In Springle’s view the two roles are so closely intertwined that it’s not possible to do one without the other. ‘Our competitive advantage is that we are a small company and our customers like that they can talk directly to me. We’re not a faceless corporation,’ she says. The company makes it as it easy as possible for the customer to contact the firm, including free phone number on its products along with an email addresses.

The company’s IT system ensures that Springle can communicate frequently with her customers: ‘Around 90 per cent of the correspondence is via email which is why our IT structure is so important for us.’ Talking with regular customers and carrying out frequent market research ensures that King of Shaves can improve product and develops one that people want to buy, she adds.

The King of Shaves’ web site is a broad church: hosting an online shop, information about the company’s products, charity schemes as well as corporate and media information. It sells around £11,000 worth of products each month through its site and is looking into retailing other company’s brands as well.

These direct sales, however, are only a small part of the company’s turnover and there are no plans to make it a bigger slice of the pie. ‘Our biggest outlets are retailers like Boots and Tesco and we do not want to compete with them directly,’ says Springle.

And evolving social trends and improved cosmetic technology means that men are becoming ever more metrosexual and increasingly interested in sophisticated cosmetic products, such as anti-aging remedies, self-tanning products or tinted moisturisers. ‘Men use these products. They might be slightly embarrassed to admit that they use them but they do buy them,’ says Springle with a smile.

How to develop the web site in the future is something that Springle and other members of the team constantly debate. ‘There’s a lot of information on the site and we frequently discuss whether we should split out different sections but so far we’ve decided against such a move.’

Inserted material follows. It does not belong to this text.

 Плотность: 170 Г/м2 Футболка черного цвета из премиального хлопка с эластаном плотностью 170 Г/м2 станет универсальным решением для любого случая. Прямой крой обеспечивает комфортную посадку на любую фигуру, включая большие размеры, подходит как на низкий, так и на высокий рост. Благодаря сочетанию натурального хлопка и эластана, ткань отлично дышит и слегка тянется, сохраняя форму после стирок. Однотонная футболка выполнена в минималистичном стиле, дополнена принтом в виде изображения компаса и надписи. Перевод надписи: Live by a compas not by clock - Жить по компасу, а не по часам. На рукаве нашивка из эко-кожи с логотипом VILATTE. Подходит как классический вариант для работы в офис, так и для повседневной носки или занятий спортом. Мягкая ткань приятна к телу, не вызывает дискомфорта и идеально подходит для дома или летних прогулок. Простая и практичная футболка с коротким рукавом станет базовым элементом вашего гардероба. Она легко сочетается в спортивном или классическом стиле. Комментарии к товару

For Springle, the future of the web site lies in making it ever more interactive. To maintain and grow its share of such a highly competitive market, the company is constantly developing new products and customer interaction over its new products is the key to getting the business right.

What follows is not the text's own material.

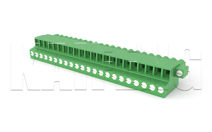Pluggable Terminal Block MATERIAL:MATERIALScrews: M2.5,Steel Zinc platedcontact: Phosphor bronzePin header: -Housing: PA66,UL94V-0ElectricalULIECRated voltage300V 320V/400VRated current15A20AContact resistance20mΩInsulation resistance500MΩ/DC500VWithstanding voltage AC2000V/1minWire range28-14AWG 2.5mm2MechanicalTemp.rang-40℃~+105℃ Max.soldering+250℃, 5se
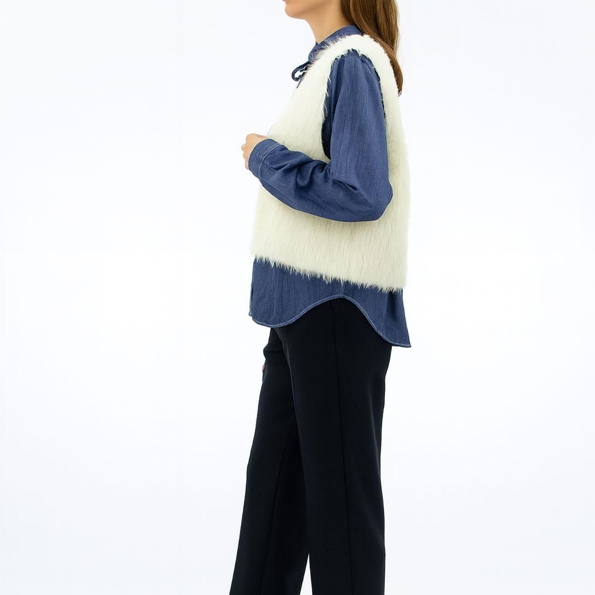Vネックのデザインなので、すっきりとした印象になり、タートルネックやシャツと好相性。

‘At the moment we have a panel of people who we use to review the products,’ she says. ‘I’d like to use the web site to expand the number of people we can use for market research. Product reviews are currently quite a labour intensive process ­ we have to print out documents and send them out to the clients. I’d like to get to the stage where that could all be downloadable.’

Springle admits to being envious over the level of interactivity of other corporate sites, such as L’Oreal: ‘I love the way you can download advice on how to apply your eye make-up.’

In the future, she believes IT should be able to make it even easier for the company’s customers to choose the right product. ‘If you look at the vast array of consumer products, there has to be an easier way of deciding which one to buy rather than hanging around the aisles in Boots or Tesco and reading every single product label.’

Her dream is develop the site so that customers can have a live web chat with an assistant, guiding them through the company’s product range.

If Springle and the team at King of Shaves revolutionised web site design for cosmetics, then it would be more that just the spammers who would be flooding the company’s servers with emails.